Villarreal 1-1 Rangers
  Villarreal: Arruabarrena 49'
  Rangers: Løvenkrands 12'
3–3 on aggregate; Villarreal won on away goals.

==Quarter-finals==

===Summary===

| Team 1 | Agg. Tooltip Aggregate score | Team 2 | 1st leg | 2nd leg |
|---|---|---|---|---|
| Arsenal | 2–0 | Juventus | 2–0 | 0–0 |
| Lyon | 1–3 | Milan | 0–0 | 1–3 |
| Internazionale | 2–2 (a) | Villarreal | 2–1 | 0–1 |
| Benfica | 0–2 | Barcelona | 0–0 | 0–2 |

===Matches===

Arsenal 2-0 Juventus
  Arsenal: Fàbregas 40', Henry 69'

Juventus 0-0 Arsenal
Arsenal won 2–0 on aggregate.
----

Lyon 0-0 Milan

Milan 3-1 Lyon
  Milan: Inzaghi 25', 88', Shevchenko
  Lyon: Diarra 31'
Milan won 3–1 on aggregate.
----

Internazionale 2-1 Villarreal
  Internazionale: Adriano 7', Martins 54'
  Villarreal: Forlán 1'

Villarreal 1-0 Internazionale
  Villarreal: Arruabarrena 58'
2–2 on aggregate; Villarreal won on away goals.
----

Benfica 0-0 Barcelona

Barcelona 2-0 Benfica
  Barcelona: Ronaldinho 19', Eto'o 89'
Barcelona won 2–0 on aggregate.

==Semi-finals==

===Summary===

| Team 1 | Agg.
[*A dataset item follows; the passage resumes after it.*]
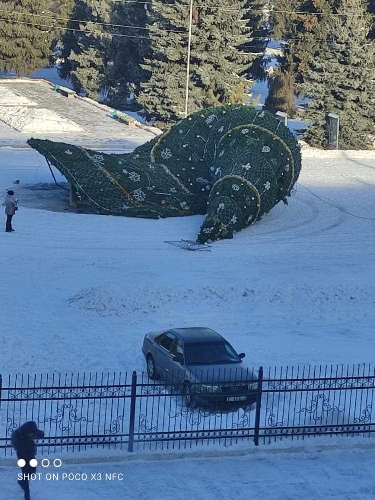 Уточняется, что символ Нового года был установлен около здания Иссык-Кульского государственного института. Елка упала после сильного шквального ветра сегодня утром.

Tooltip Aggregate score | Team 2 | 1st leg | 2nd leg |
|---|---|---|---|---|
| Arsenal | 1–0 | Villarreal | 1–0 | 0–0 |
| Milan | 0–1 | Barcelona | 0–1 | 0–0 |

===Matches===

Arsenal 1-0 Villarreal
  Arsenal: Touré 41'

Villarreal 0-0 Arsenal
Arsenal won 1–0 on aggregate.
----

Milan 0-1 Barcelona
  Barcelona: Giuly 57'

Barcelona 0-0 Milan
Barcelona won 1–0 on aggregate.

==Final==

The final was played on 17 May 2006 at the Stade de France in Saint-Denis, France.